*What is being asked:* Leave the pictures out. Retype exactly the lines below from the one containing "Get Destination URL (if" through the one containing "Elevate your phone", and no others.
** Data under study follows **
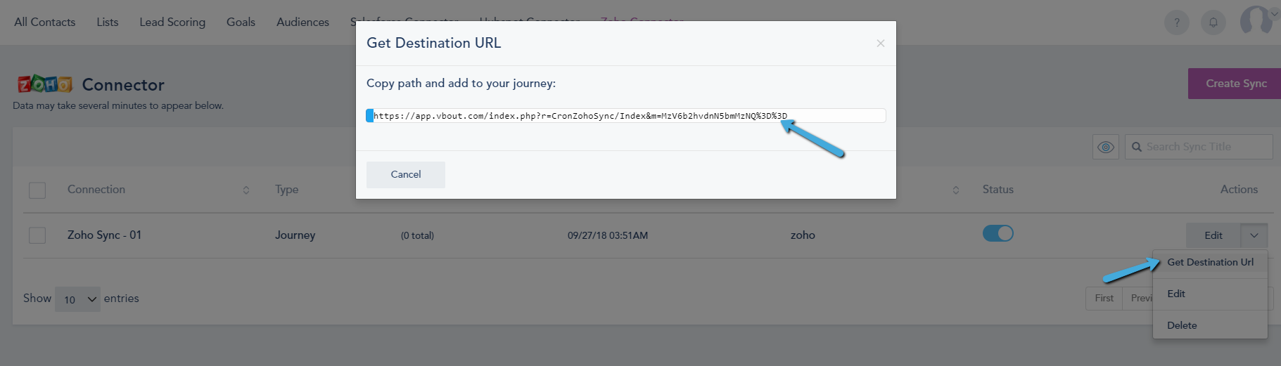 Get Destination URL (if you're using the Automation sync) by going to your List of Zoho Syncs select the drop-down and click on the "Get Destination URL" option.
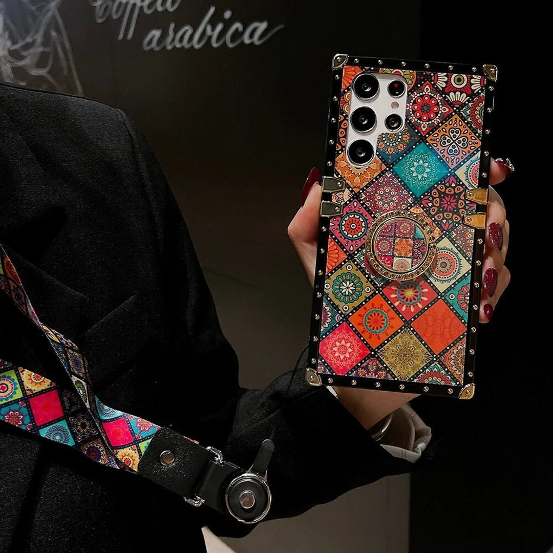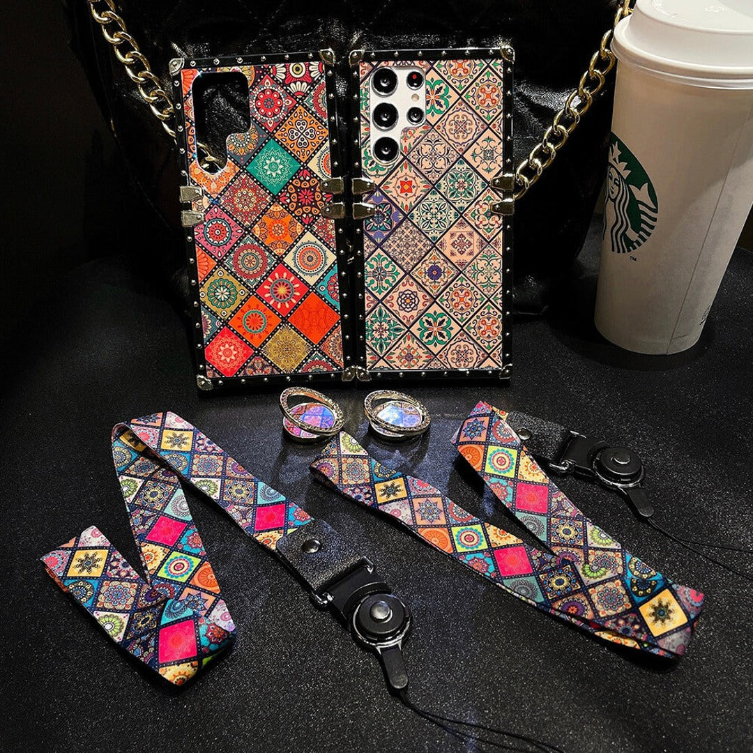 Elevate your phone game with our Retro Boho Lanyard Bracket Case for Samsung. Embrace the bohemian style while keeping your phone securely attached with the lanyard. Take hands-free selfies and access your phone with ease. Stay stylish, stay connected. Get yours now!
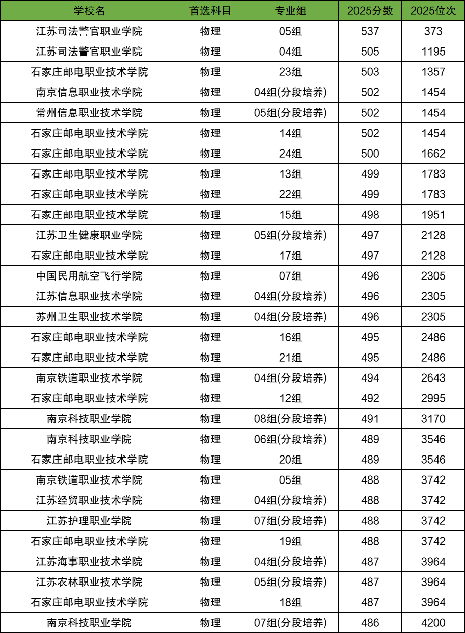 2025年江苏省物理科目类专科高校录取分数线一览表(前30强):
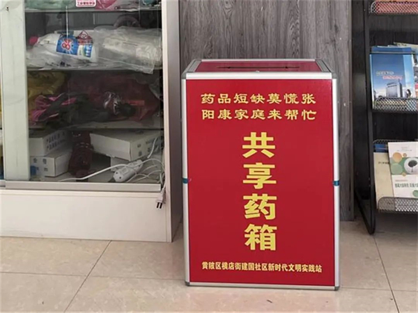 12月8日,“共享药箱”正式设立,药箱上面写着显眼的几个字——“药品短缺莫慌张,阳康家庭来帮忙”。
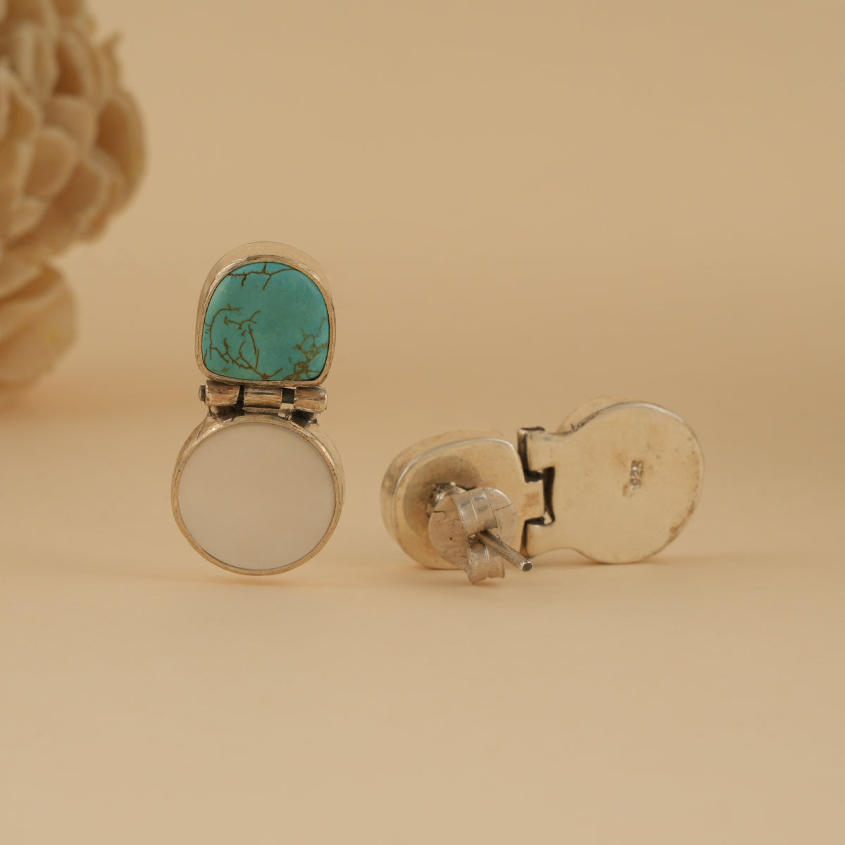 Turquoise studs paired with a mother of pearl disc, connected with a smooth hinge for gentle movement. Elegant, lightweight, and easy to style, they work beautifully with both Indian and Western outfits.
** End of Data under study **
** Data under study follows **
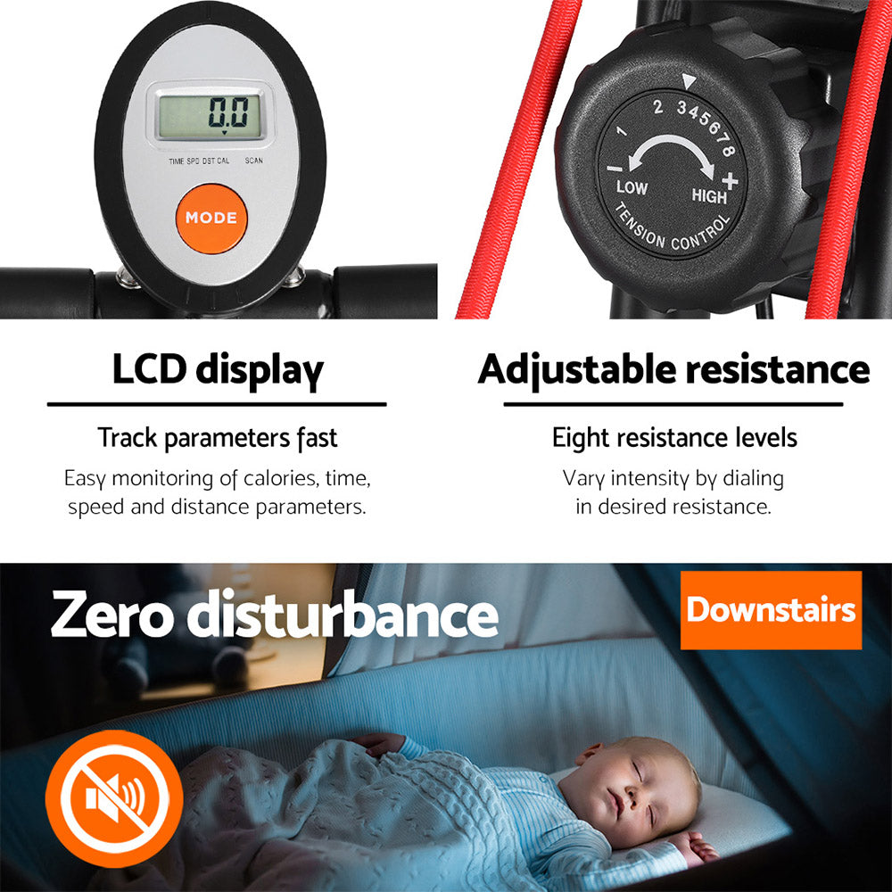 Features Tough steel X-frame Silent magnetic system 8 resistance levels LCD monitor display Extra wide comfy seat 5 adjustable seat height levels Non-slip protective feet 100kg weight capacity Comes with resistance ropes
** End of Data under study **
** Data under study follows **
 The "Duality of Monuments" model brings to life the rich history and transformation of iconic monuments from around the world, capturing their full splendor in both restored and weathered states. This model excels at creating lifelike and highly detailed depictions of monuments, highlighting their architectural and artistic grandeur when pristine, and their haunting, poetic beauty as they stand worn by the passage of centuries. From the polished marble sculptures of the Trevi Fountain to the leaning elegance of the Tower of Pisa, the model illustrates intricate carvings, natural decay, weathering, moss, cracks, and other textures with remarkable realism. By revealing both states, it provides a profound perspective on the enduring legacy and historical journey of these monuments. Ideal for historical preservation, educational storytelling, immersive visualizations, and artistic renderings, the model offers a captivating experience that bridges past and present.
** End of Data under study **
*Exercise output:*
 Get Destination URL (if you're using the Automation sync) by going to your List of Zoho Syncs select the drop-down and click on the "Get Destination URL" option.
 Elevate your phone game with our Retro Boho Lanyard Bracket Case for Samsung. Embrace the bohemian style while keeping your phone securely attached with the lanyard. Take hands-free selfies and access your phone with ease. Stay stylish, stay connected. Get yours now!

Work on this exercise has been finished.